The associations caution economies and jobs on both sides of the channel are at risk of a second hit in the shape of no deal coming on top of around EUR100bn worth of production lost so far this year due to the coronavirus crisis.

Without a deal in place by 31 December, both sides would be forced to trade using World Trade Organisation (WTO) non-preferential rules, including a 10% tariff on cars and up to 22% on vans and trucks.

Such tariffs, far higher than the small margins of most manufacturers, would almost certainly need to be passed on to consumers, making vehicles more expensive maintain the associations. Furthermore, automotive suppliers and their products will be hit by tariffs.

Before the coronavirus crisis hit, EU and UK production of motor vehicles was running at 18.5m units a year. This year some 3.6m units have already been lost across the sector due to the pandemic.

New calculations suggest that, for cars and vans alone, a reduction in demand resulting from a 10% WTO tariff could wipe some 3m units from EU and UK factory output during the next five years, with losses worth EUR52.8bn to UK plants and EUR57.7bn to those based across the EU.

Suppliers would also suffer from these changes. This combined loss in trade value would harm revenues for a sector employing millions of people, with a combined trade surplus of EUR74bn with the rest of the world in 2019.

Collectively, the EU27 and UK automotive sector is responsible for 20% of global motor vehicle production and spends some EUR60.8bn on innovation per year, making it Europe’s largest R&D investor.

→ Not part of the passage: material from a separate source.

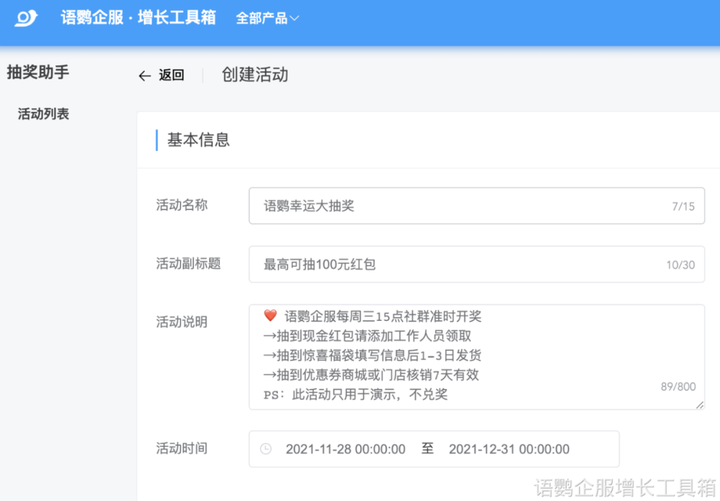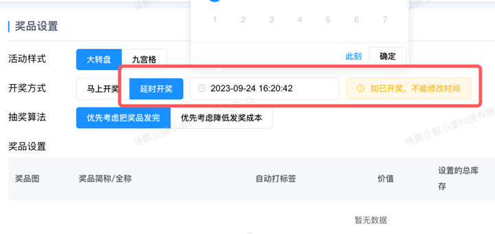 另外,企业想要在某个时间统一开奖,也可借助语鹦企服的「大转盘抽奖」功能实现,设置「延时开奖」,比如在周末发起抽奖,在周一中午统一开奖。

The associations say any deal should include zero tariffs and quotas, appropriate rules of origin for both internal combustion engine and alternatively fuelled vehicles, plus components and powertrains, as well as a framework to avoid regulatory divergence.

Businesses need detailed information about the agreed trading conditions they will face from 1 January, 2021 to make final preparations. This, combined with targeted support and an appropriate a phase-in period that allows for greater use of foreign materials for a limited period of time, will ensure businesses are able to cope with the end of the transition period.

“The stakes are high for the EU auto industry – we absolutely must have an ambitious EU-UK trade agreement in place by January,” said Acea director general, Eric-Mark Huitema. “Otherwise our sector – already reeling from the COVID crisis – will be hit hard by a double whammy.”

For her part, CLEPA secretary general, Sigrid de Vries added: “A ‘no deal’ Brexit would disrupt the integrated automotive supply chain and hit industry at a critical moment. The impact will be felt far beyond the bilateral trade streams alone, translating into a loss of jobs and investment capacity.

“The automotive sector is the EU’s largest private R&D investor with EUR60bn invested each year. We need a deal that maintains the sector’s global competitiveness.”